Tissue inhibitor of metalloproteinases-2 (TIMP-2) and insulin-like growth factor-binding protein 7 (IGFBP7) are promising biomarkers in acute kidney injury. Here, we investigated the performance of both cell cycle arrest markers in predicting the occurrence and, in particular, duration of functionally defined delayed graft function (fDGF) in donation after circulatory death (DCD) kidney transplant recipients. Furthermore, it was investigated whether their predictability improved in case samples were corrected for dilution with osmolality.

Methods

Seventy-six consecutive DCD recipients were included. Immunosuppression consisted of anti-CD25 antibody induction and triple maintenance therapy (steroids, MMF and CNI). TIMP-2 and IGFBP7 were measured in urine by ELISA on post-operative day (POD) 1-10, week 6 and month 6. Linear-mixed model analysis and ROC analysis were performed.

Results

Fifty-one renal transplant recipients suffered from fDGF (67.1%), of which 14 patients had prolonged fDGF (≥21 days; 27.5%). In the first 10 days post transplantation, TIMP-2 (p<0.001) and IGFBP7 (p=0.001) levels were significantly higher in patients with compared to those without fDGF. On POD-1, TIMP-2 adequately identified patients with fDGF, with an AUC of 0.89, while IGFBP7 was only moderately accurate (AUC 0.63). On POD-10, TIMP-2 also predicted prolonged fDGF (AUC 0.77), whereas IGFBP7 did not.
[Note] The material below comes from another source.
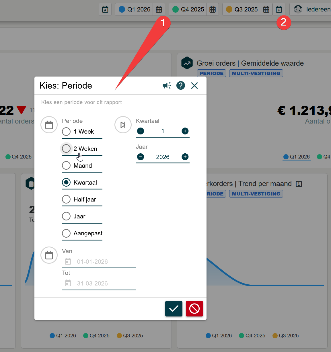 klik op de agenda pictogram om de periode in te stellen of aan te passen
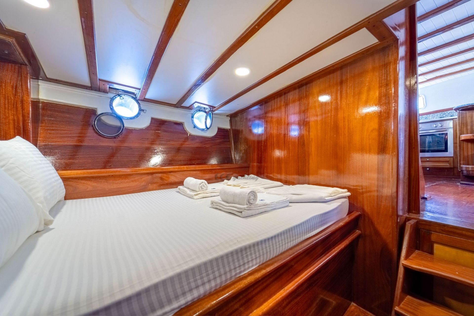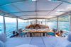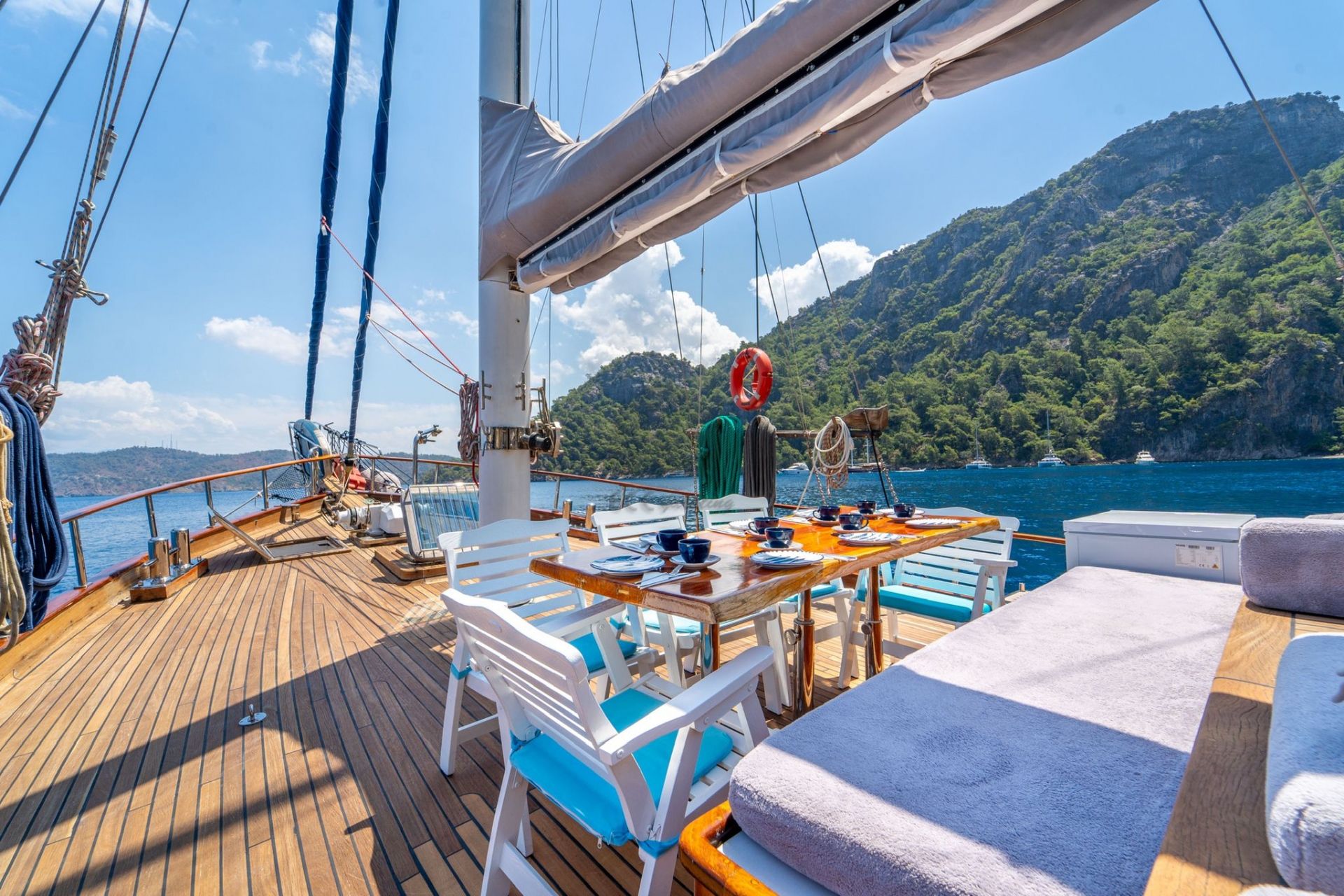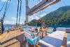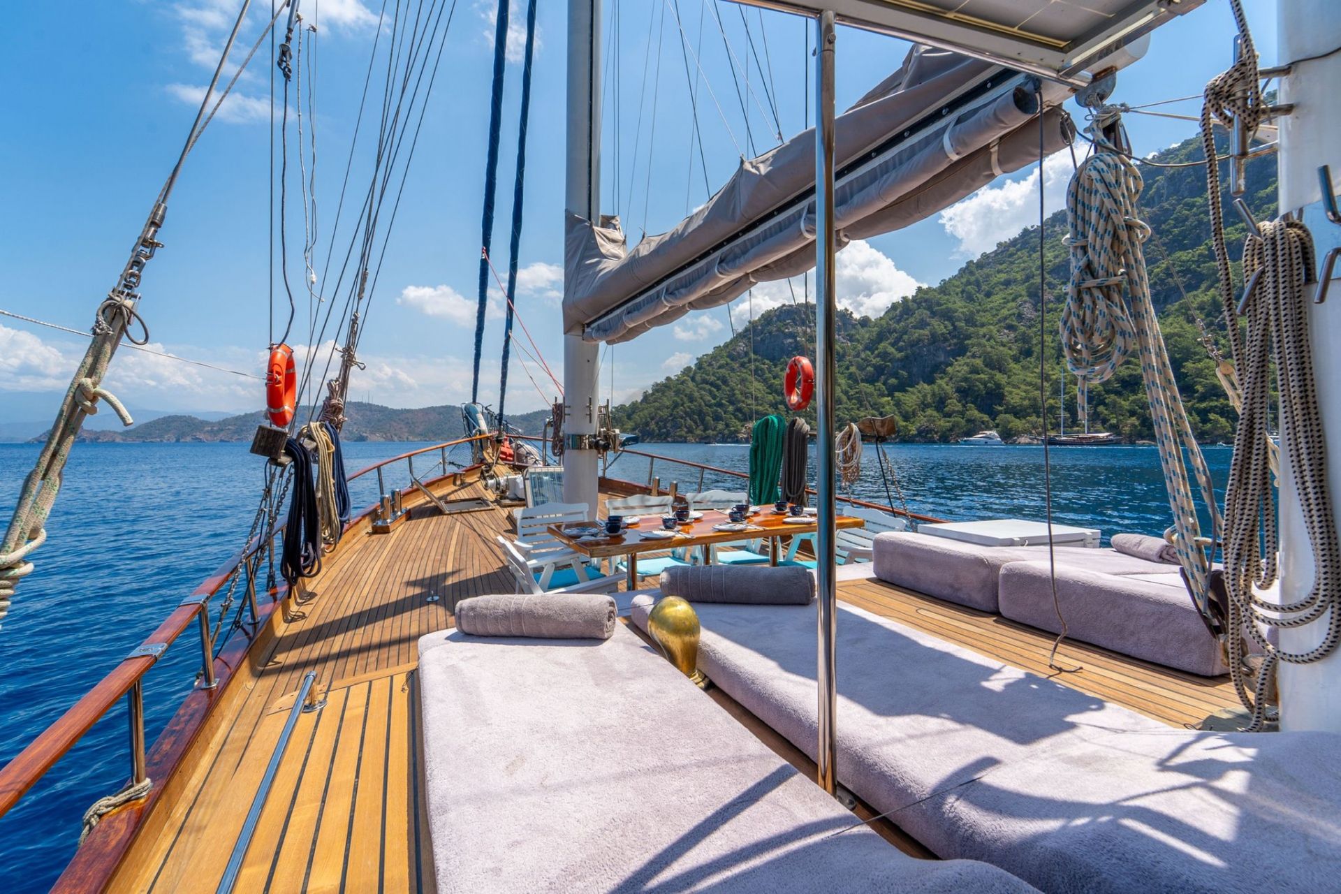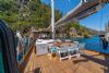 Geniş güverte alanlarında her misafir için ayrı güneşlenme minderleri, ön ve arka güvertede rahat oturma alanları sunulmaktadır. Tam donanımlı mutfakta granit tezgah, buzdolabı, derin dondurucu, fırın ve bulaşık makinesi gibi ekipmanlar yer alırken; müzik sistemi ve TV ile keyifli vakit geçirebilirsiniz.

Correcting TIMP-2 and IGFBP7 values for dilution using osmolality slightly improved their predictability. Multiplication of TIMP-2 with IGFBP7 was inferior as compared to TIMP-2 alone. Furthermore, with consecutive TIMP-2 values we were able to monitor the resolution of fDGF, with a decrease in TIMP-2 preceding the increase in eGFR.

Conclusion

TIMP-2, but not IGFBP7, is a promising biomarker to predict the presence and duration of fDGF in DCD kidney transplant recipients.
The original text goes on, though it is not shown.